Nous pouvons alors franchir un autre pas : nous ne nous connaissons pas nous-mêmes, pas en tout cas comme Dieu nous connaît. Qui suis-je pour Dieu ? Un fils, une fille, assurément, par la grâce du baptême et de la confirmation, mais quel fils, quelle fille, prenant quelle part à l’œuvre entière de Dieu, je ne le sais, ni ne peux le savoir. Dans une époque où chacun est si soucieux ou si inquiet de son identité, nous, chrétiens, acceptons d’être dépossédés de cette question. L’Esprit-Saint qui nous est donné, qui vient reposer sur nous, lui qui demeure sur Jésus, recompose notre être intérieur. Plus nous nous laissons conduire par lui, moins nous pouvons dire : voilà qui je suis. Moins cela a de sens. De là peut-être les interrogations qui occupent les esprits aujourd’hui dans l’Église. Elles ont commencé par vous, les diacres. Lorsque le Concile a décidé de rétablir le diaconat permanent, il n’a pas eu le temps de définir avec précision ce qu’était un diacre, nous nous en rendons compte dans la pratique. Mais peut-être surtout ne pouvait-il le faire. Car les diacres, comme les prêtres et les évêques, sont des dons que Dieu fait à son Église, des dons qui sont des personnes chargées d’une mission, pas seulement des fonctions dont on peut repérer la nécessité et décrire l’usage. Une part de non-connaissance, une part d’inconnaissance, habite ou enveloppe toute réalité qui est dans le Christ, car Dieu seul sait ce qu’il fait de chacune et de chacun de nous et c’est très bien ainsi. Le besoin très humain d’identité se trouve transfiguré par le don de l’Esprit-Saint. Comprenons-le avec saint Paul qui s’adresse, au début de sa lettre aux Corinthiens, à l’Église qui est à Corinthe, « aux saints appelés à être sanctifiés ». On peut repérer des catégories sociologiques, mais comment identifier la sainteté des uns et des autres ? On peut faire des statistiques et des prévisions sur les caractéristiques de tel groupe humain, mais qui peut deviner la sainteté de chacune ou de chacun, c’est-à-dire la disponibilité de chacune ou de chacun à l’œuvre en lui ou en elle de l’Esprit-Saint qui va lui faire choisir l’amour, le don de soi, le décentrement de soi, plutôt que l’égoïsme, l’affirmation de soi, l’accaparement pour soi ? Qui peut mesurer ce que tel choix signifie d’ouverture plus grande dans l’Esprit-Saint, de croissance dans la charité vraie et ce que tel autre choix annonce de fermeture à la grâce, de repli sur soi ?

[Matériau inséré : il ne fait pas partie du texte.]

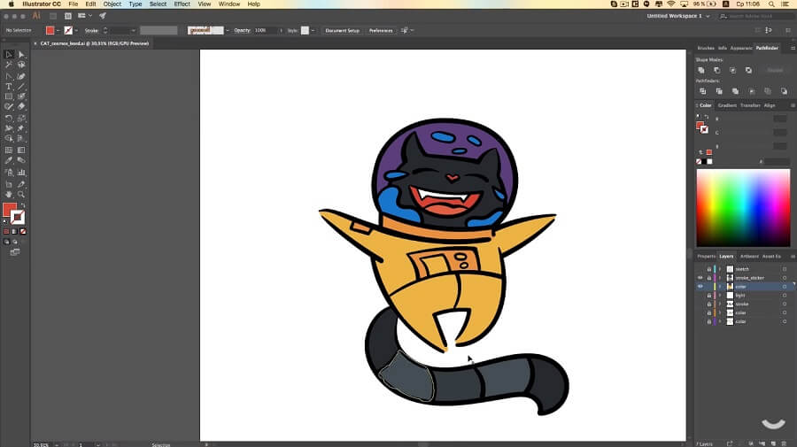 Шаг 3. Закрашиваем рисунок. Создаем отдельный слой «Color» или «Цвет» и закрашиваем с помощью инструмента «Blob Brush Tool». Слой с цветом стоит поместить под слой с контуром, чтобы он не выходил за рамки обводки.
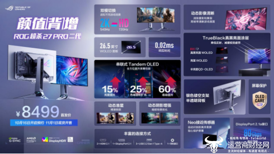 毫无疑问,ROG超杀27 Pro二代电竞显示器的超高颜值与颠覆性配置可以收获无数玩家的青睐。据悉,ROG超杀27 Pro二代电竞显示器将于10月16日20:00开启预约活动,11月1日正式现货开售,首发价为8499元!对于追求极致体验的核心玩家而言,这或许是2025年最值得投资的“上分神器”。毕竟在毫秒定胜负的电竞世界,“快人一步”可能就是“赢人一路”。

Frères et sœurs, nous avons réfléchi en cette journée sur la pastorale de l’accompagnement. Nous pouvons formuler ainsi la question qui a sous-tendu nos réflexions et nos échanges : comment pouvons-nous nous aider les uns les autres à grandir dans l’amitié vraie avec Jésus, dans l’union plus grande à laquelle il nous appelle, dans l’alliance avec Dieu et en Dieu qu’il nous offre, lui le Fils bien-aimé ? A l’écoute de la liturgie de la Parole de ce dimanche, nous comprenons que cela suppose que nous acceptions de ne pas encore tout connaître de Jésus mais de nous laisser renouveler par l’Esprit-Saint qui demeure sur lui. Que sommes-nous prêts à consentir pour être avec plus de vérité encore les « saints », « sanctifiés dans le Christ Jésus et appelés à être saints », en ayant foi qu’ainsi nous serons conduits vers notre être en plénitude. Frères et sœurs, disons-le nous en cette célébration : « A vous, la grâce et la paix de la part de Dieu notre Père et du Seigneur Jésus Christ »,

Amen.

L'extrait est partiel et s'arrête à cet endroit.